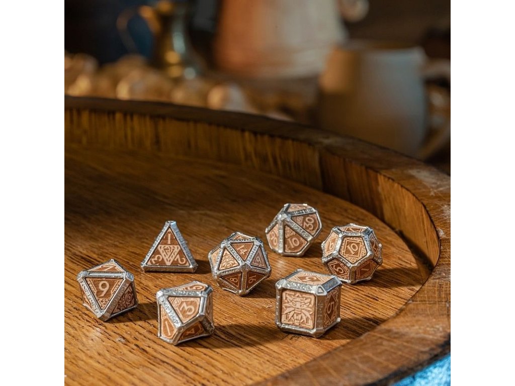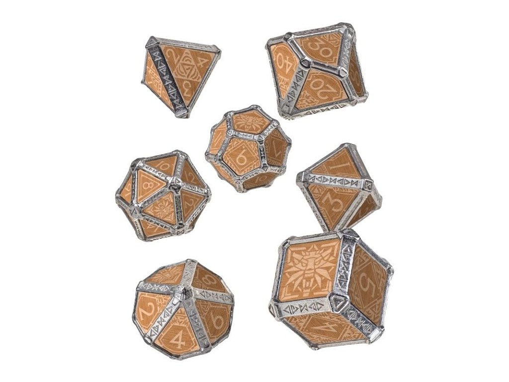 Súprava jedinečných hybridných kociek pre zaklínačov v sebe kombinuje kov a drevo. Kocky zdobí symbolika zaklínačských znamení, namiesto najvyššej hodnoty je vždy symbol školy Vlka. S týmito jedinečnými kockami bude každý hod skutočným pôžitkom. Balenie obsahuje 1x štyroch, 1x šiestich, 1x ôsmich, 1x desiatich, 1x dvanástich, 1x dvadsiatich stennú a 1x percentovú kocku.
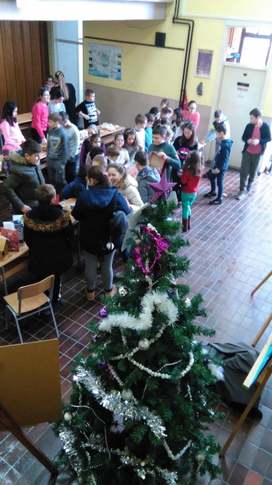 Идејни творац новогодишњег сајма су ученици 5/2 одељења, који су у сарадњи са одељењским старешином, Тамаром Бањац, позвали на учешће и остале ученике. Ученици првог, четвртог, петог и шестог разреда су донели своје рукотворине, које су израдили сами или са својом породицом ( божићне слане и слатке колачиће, украсе за јелку, миришљаве сапуне...). Конкуренција је била веома велика. Деца су се дружила и уживала. Новац од продаје биће употребљен за набавку књига за школску библиотеку.
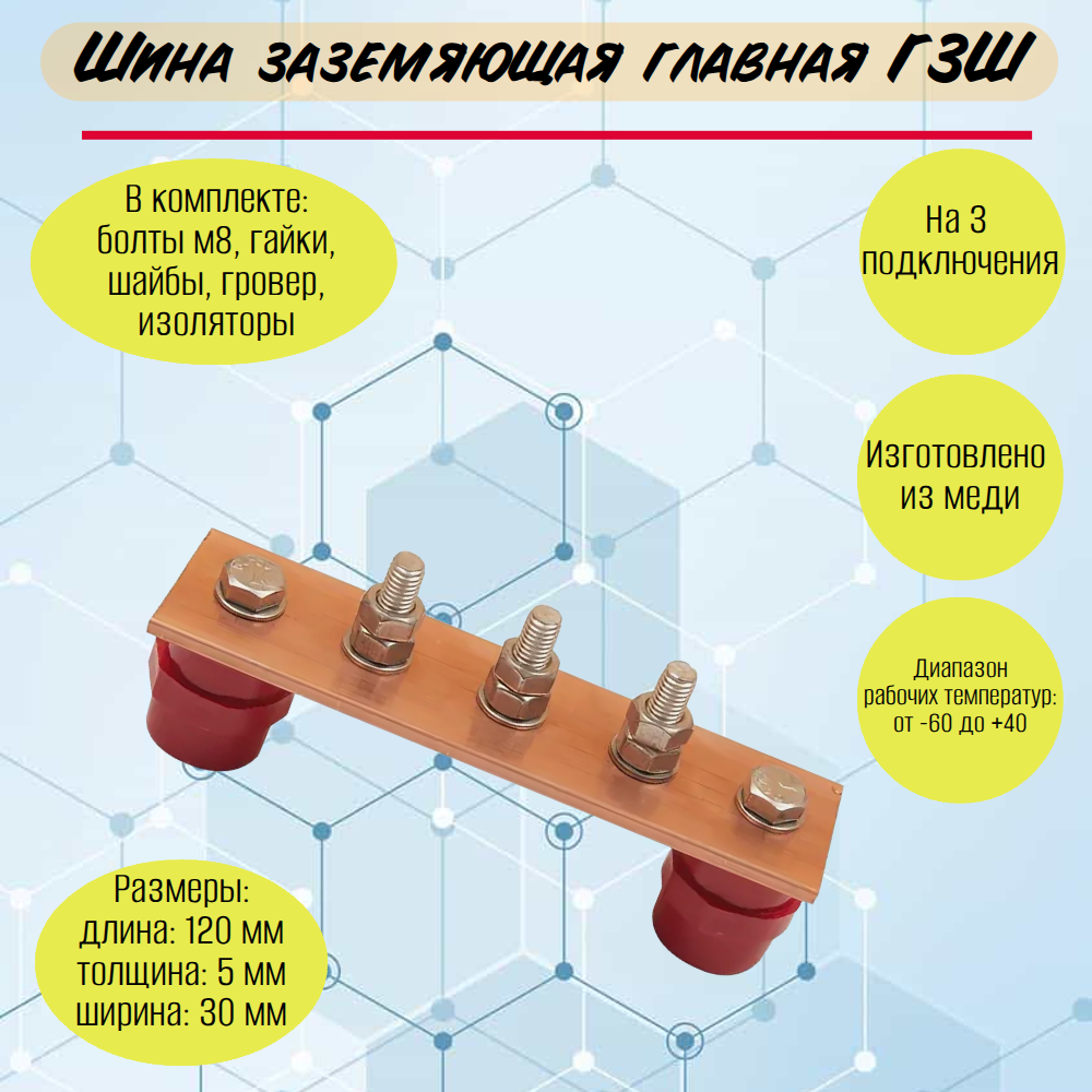 Шина заземляющая ГЗШ 120 х 30 х 5 мм предназначена для создания надежного заземления в электроустановках или помещении. Изготовленная из высококачественной меди, она обеспечивает низкое сопротивление и эффективную защиту от поражения электрическим током.
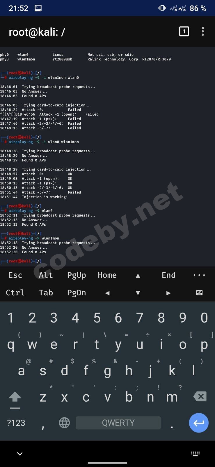 Здравствуйте, настроил wifi адаптер, перевёл в режим монитора, но инжекции проводить он не хочет. В вики написано, что поддерживаются инъекции. Что не так делаю?
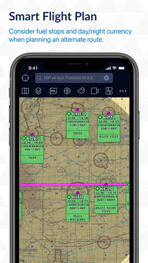 If a TFR or changes in weather force you to take an alternate route, the Smart Flight Plan tool considers things like fuel stops and day/night currency.
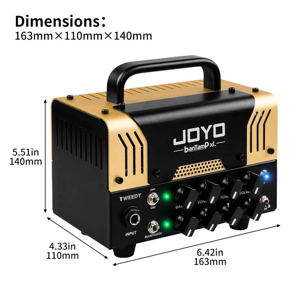 JOYO BanTamP XLシリーズは、チャンネル切り替えフットスイッチ、8つのノブを特徴としています。具体的には、2つのチャンネルを個別に制御でき、CLEANチャンネルとDISTORTIONチャンネルのボリューム、およびそれらのGAIN、TONE、VOLUME、VOICEを個別に調整できます。 JOYO BanTamp Tweedyは、デュアルチャンネル、アメリカンクラシックビンテージトーンを特徴としており、DISTORTIONにはわずかなFUZZがあり、CLEANサウンドには豊かな低音が特徴です。20世紀のクラシックロック&ブルースを再現しています。特に、このアンプをユニークにしているのはVOICEノブで、ギター演奏に合わせてミッドをブーストまたはアッテネイトできます。一方、VOICEノブとGainノブを組み合わせることで、より興味深いトーンを得ることができます。 JOYOのペダルJF-14 American Soundが市場で高く評価されているように、TWEEDYはJOYOで最も人気のあるペダルであるこのペダルのトーンに基づいて設計されており、JOYOファンはこのサウンドに精通しているはずです。このチューブアンプがいかに優れているかを想像できるでしょう!
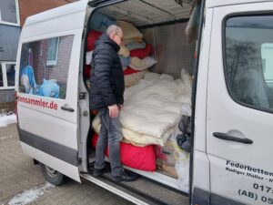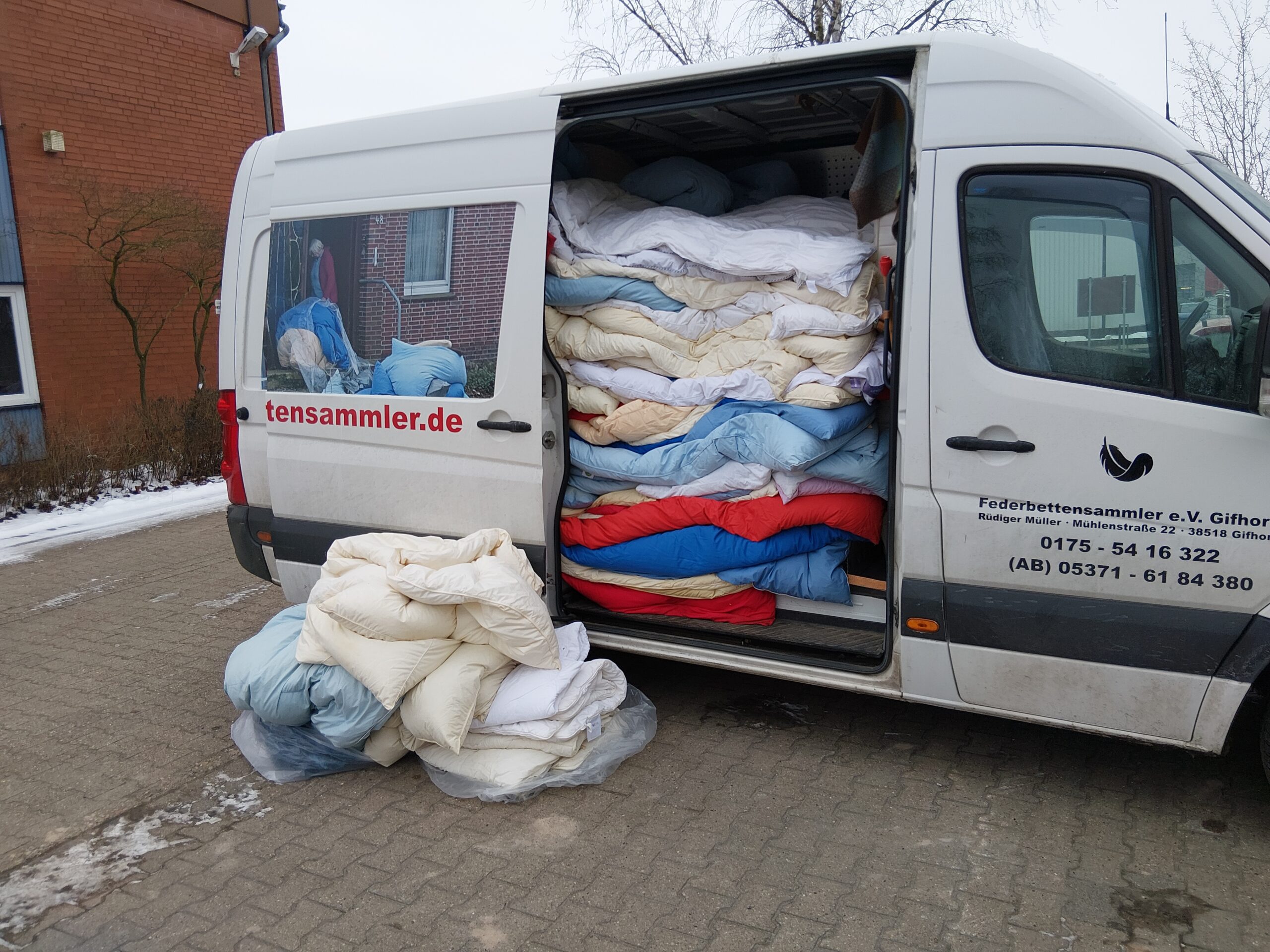 wir standen noch auf der Straße vor dem Gebäude und 10:52 nahm Johann die ersten Federbetten an. Dann wurde uns gezeigt wo wir stehen sollten und setzten das Fahrzeug um.
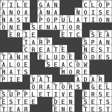 ACROSS 1. Do some clerical work 5. Separate the seeds from cotton 8. Hoof sound 12. Small Philippine buffalo 13. Santa ___, CA 14. Annoying sound 15. Political cartoonist Thomas 16. Census information 19. Single 20. Legislator 21. One of the Great Lakes 23. And so on (abbr.) 24. Ocean 27. Canvas cover 30. Connect, as a bridge 31. Cause to be 34. A home for chicks 35. Hyperbolic tangent 38. Dodge 40. Lyric poems 41. Medicinal plant 42. Manatee 44. Floor coverings 45. Greater amount 46. Sliced dessert 47. Large container 50. The sixth month of the Jewish calendar 53. Speakers 57. Set 59. Supplying deficiencies 63. Celtic language 64. First name in cosmetics 65. Lair 66. Arranges properly for use 67. Pull apart 68. Compass dir. 69. Trial DOWN 1. Papal veil 2. Silly 3. Failure 4. Erode 5. Yawn 6. Soon (poet.) 7. California wine valley 8. Small bed 9. Cards in a Roman deck? 10. Bear (Spanish) 11. Fenced enclosure 14. Drug cop 17. Shoshoni 18. Car dealer's back yard 20. Dry up 22. Skin irritations 24. Drove too fast 25. Comfort 26. Pismires 28. Portuguese money of account (variant) 29. Friends 30. Frozen precipiation fell 32. Third day of the wk. 33. Dutch treat 35. Pack (down) 36. Jai ____ 37. Make mention of 39. Environmental prefix 43. Mouths or openings 47. Grand slam 48. "We ___ not amused" (Victoria) 49. Make lace 51. Match 52. Musical pauses 54. Event that recurs at intervals 55. Baking chamber 56. French philosopher Descartes 58. For fear that 59. Arrange properly for use 60. Purpose 61. Parent Teacher Assoc. 62. For each 63. Eastern Standard Time (abbr.)
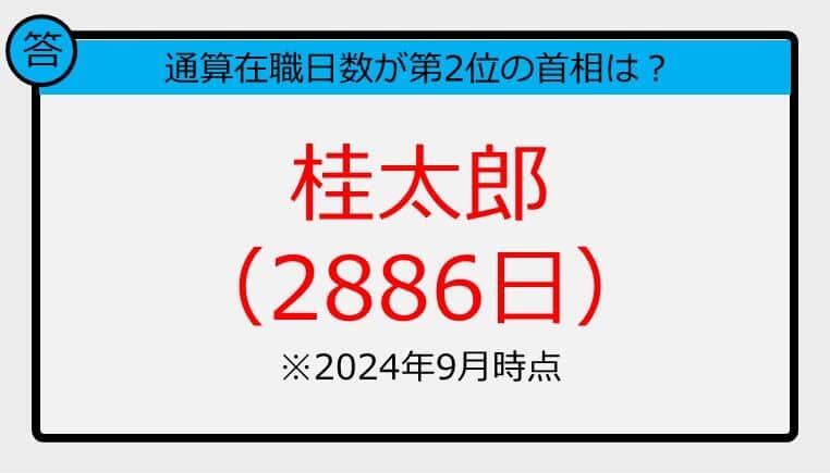 【総理大臣クイズ】通算在職日数が第2位の首相は?
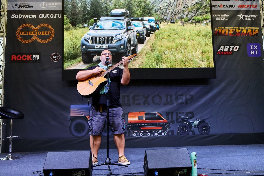 Я выступил на главной сцене выставки, спел свои песни (можно скачать мр3 тут) и рассказал про свою большую экспедицию «Алтай-Монголия 2025», которая состоялась летом этого года.
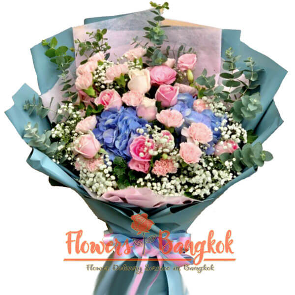 Big festive Sweet Kisses bouquet from Flowers-Bangkok. Our florists use a wide variety of fresh flowers to create this bouquet. The color range is selected in such a way that all flowers are harmoniously combined with each other. The Sweet Kissing bouquet uses delicate pink roses and pink carnations, as well as blue or pink hydrangea. Lisianthus, gypsophila and decorative green leaves give volume and additional charm.
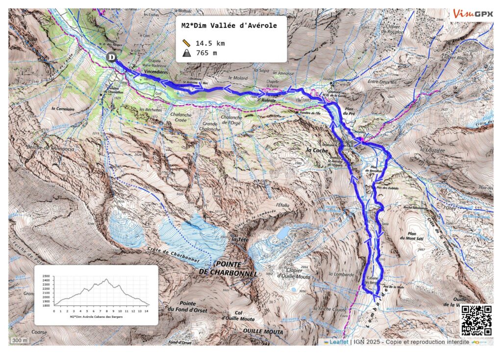 • Trail to the hamlet, then to the refuge of Avérole.
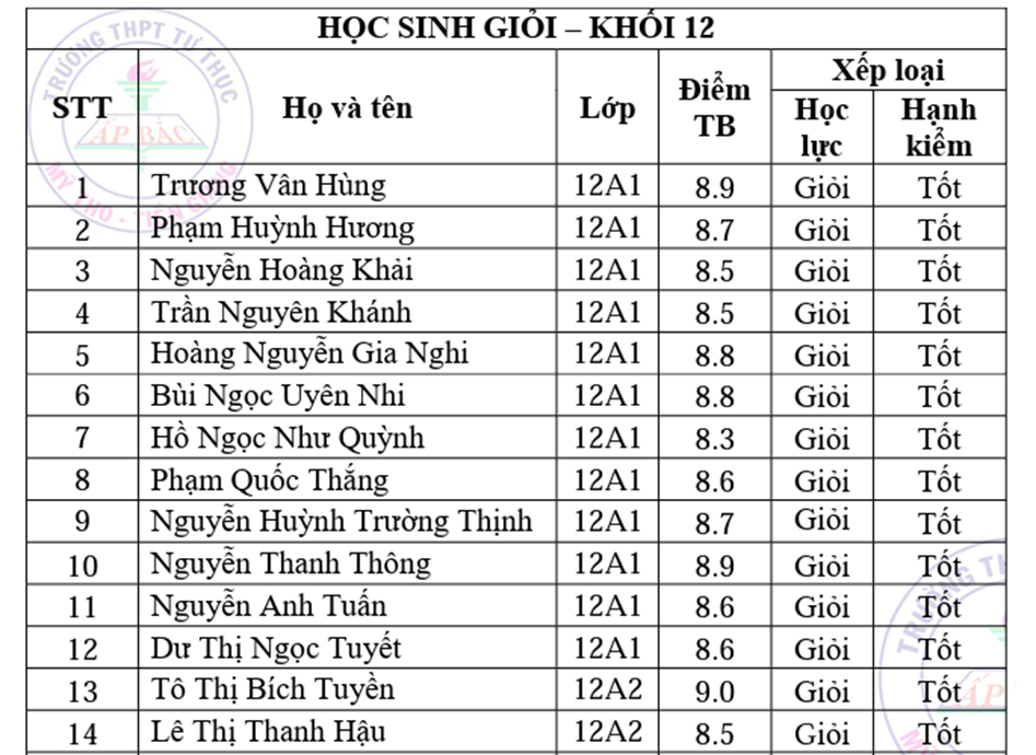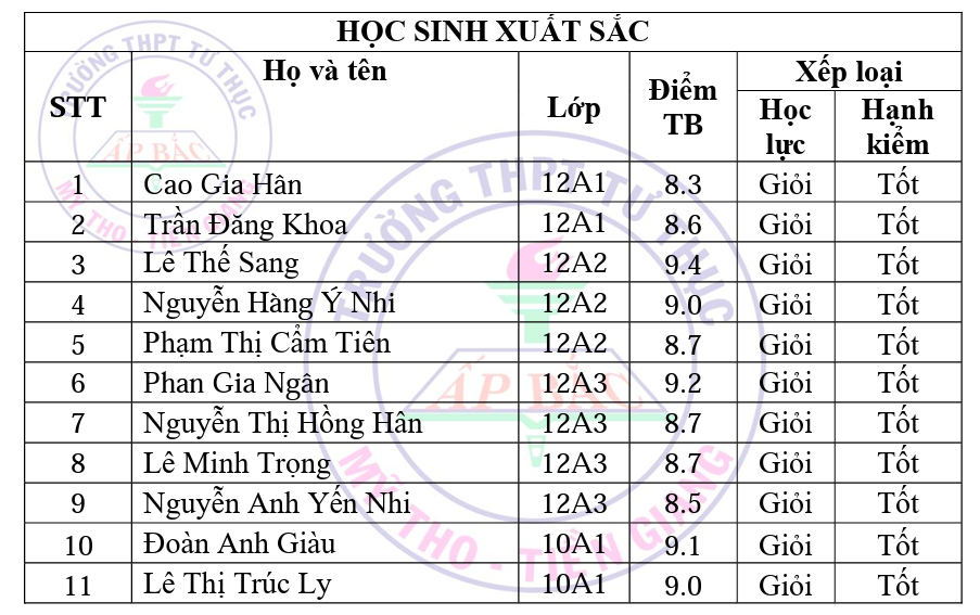 Chúc mừng tất cả các em học sinh trường THPT Tư Thục Ấp Bắc.
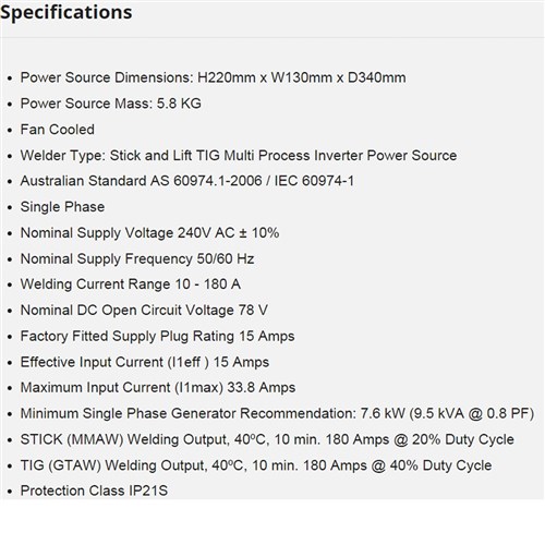 - Duty Cycle: Stick (MMAW): 20% @ 180amps (40C, 10 mins) TIG (GTAW): 40% @ 180amps (40C, 10 mins)

● Activity
The records above are to be repeated exactly, with the pictures left out.

● Solution for this problem
 Súprava jedinečných hybridných kociek pre zaklínačov v sebe kombinuje kov a drevo. Kocky zdobí symbolika zaklínačských znamení, namiesto najvyššej hodnoty je vždy symbol školy Vlka. S týmito jedinečnými kockami bude každý hod skutočným pôžitkom. Balenie obsahuje 1x štyroch, 1x šiestich, 1x ôsmich, 1x desiatich, 1x dvanástich, 1x dvadsiatich stennú a 1x percentovú kocku.
 Идејни творац новогодишњег сајма су ученици 5/2 одељења, који су у сарадњи са одељењским старешином, Тамаром Бањац, позвали на учешће и остале ученике. Ученици првог, четвртог, петог и шестог разреда су донели своје рукотворине, које су израдили сами или са својом породицом ( божићне слане и слатке колачиће, украсе за јелку, миришљаве сапуне...). Конкуренција је била веома велика. Деца су се дружила и уживала. Новац од продаје биће употребљен за набавку књига за школску библиотеку.
 Шина заземляющая ГЗШ 120 х 30 х 5 мм предназначена для создания надежного заземления в электроустановках или помещении. Изготовленная из высококачественной меди, она обеспечивает низкое сопротивление и эффективную защиту от поражения электрическим током.
 Здравствуйте, настроил wifi адаптер, перевёл в режим монитора, но инжекции проводить он не хочет. В вики написано, что поддерживаются инъекции. Что не так делаю?
 If a TFR or changes in weather force you to take an alternate route, the Smart Flight Plan tool considers things like fuel stops and day/night currency.
 JOYO BanTamP XLシリーズは、チャンネル切り替えフットスイッチ、8つのノブを特徴としています。具体的には、2つのチャンネルを個別に制御でき、CLEANチャンネルとDISTORTIONチャンネルのボリューム、およびそれらのGAIN、TONE、VOLUME、VOICEを個別に調整できます。 JOYO BanTamp Tweedyは、デュアルチャンネル、アメリカンクラシックビンテージトーンを特徴としており、DISTORTIONにはわずかなFUZZがあり、CLEANサウンドには豊かな低音が特徴です。20世紀のクラシックロック&ブルースを再現しています。特に、このアンプをユニークにしているのはVOICEノブで、ギター演奏に合わせてミッドをブーストまたはアッテネイトできます。一方、VOICEノブとGainノブを組み合わせることで、より興味深いトーンを得ることができます。 JOYOのペダルJF-14 American Soundが市場で高く評価されているように、TWEEDYはJOYOで最も人気のあるペダルであるこのペダルのトーンに基づいて設計されており、JOYOファンはこのサウンドに精通しているはずです。このチューブアンプがいかに優れているかを想像できるでしょう!
 wir standen noch auf der Straße vor dem Gebäude und 10:52 nahm Johann die ersten Federbetten an. Dann wurde uns gezeigt wo wir stehen sollten und setzten das Fahrzeug um.
 ACROSS 1. Do some clerical work 5. Separate the seeds from cotton 8. Hoof sound 12. Small Philippine buffalo 13. Santa ___, CA 14. Annoying sound 15. Political cartoonist Thomas 16. Census information 19. Single 20. Legislator 21. One of the Great Lakes 23. And so on (abbr.) 24. Ocean 27. Canvas cover 30. Connect, as a bridge 31. Cause to be 34. A home for chicks 35. Hyperbolic tangent 38. Dodge 40. Lyric poems 41. Medicinal plant 42. Manatee 44. Floor coverings 45. Greater amount 46. Sliced dessert 47. Large container 50. The sixth month of the Jewish calendar 53. Speakers 57. Set 59. Supplying deficiencies 63. Celtic language 64. First name in cosmetics 65. Lair 66. Arranges properly for use 67. Pull apart 68. Compass dir. 69. Trial DOWN 1. Papal veil 2. Silly 3. Failure 4. Erode 5. Yawn 6. Soon (poet.) 7. California wine valley 8. Small bed 9. Cards in a Roman deck? 10. Bear (Spanish) 11. Fenced enclosure 14. Drug cop 17. Shoshoni 18. Car dealer's back yard 20. Dry up 22. Skin irritations 24. Drove too fast 25. Comfort 26. Pismires 28. Portuguese money of account (variant) 29. Friends 30. Frozen precipiation fell 32. Third day of the wk. 33. Dutch treat 35. Pack (down) 36. Jai ____ 37. Make mention of 39. Environmental prefix 43. Mouths or openings 47. Grand slam 48. "We ___ not amused" (Victoria) 49. Make lace 51. Match 52. Musical pauses 54. Event that recurs at intervals 55. Baking chamber 56. French philosopher Descartes 58. For fear that 59. Arrange properly for use 60. Purpose 61. Parent Teacher Assoc. 62. For each 63. Eastern Standard Time (abbr.)
 【総理大臣クイズ】通算在職日数が第2位の首相は?
 Я выступил на главной сцене выставки, спел свои песни (можно скачать мр3 тут) и рассказал про свою большую экспедицию «Алтай-Монголия 2025», которая состоялась летом этого года.
 Big festive Sweet Kisses bouquet from Flowers-Bangkok. Our florists use a wide variety of fresh flowers to create this bouquet. The color range is selected in such a way that all flowers are harmoniously combined with each other. The Sweet Kissing bouquet uses delicate pink roses and pink carnations, as well as blue or pink hydrangea. Lisianthus, gypsophila and decorative green leaves give volume and additional charm.
 • Trail to the hamlet, then to the refuge of Avérole.
 Chúc mừng tất cả các em học sinh trường THPT Tư Thục Ấp Bắc.
 - Duty Cycle: Stick (MMAW): 20% @ 180amps (40C, 10 mins) TIG (GTAW): 40% @ 180amps (40C, 10 mins)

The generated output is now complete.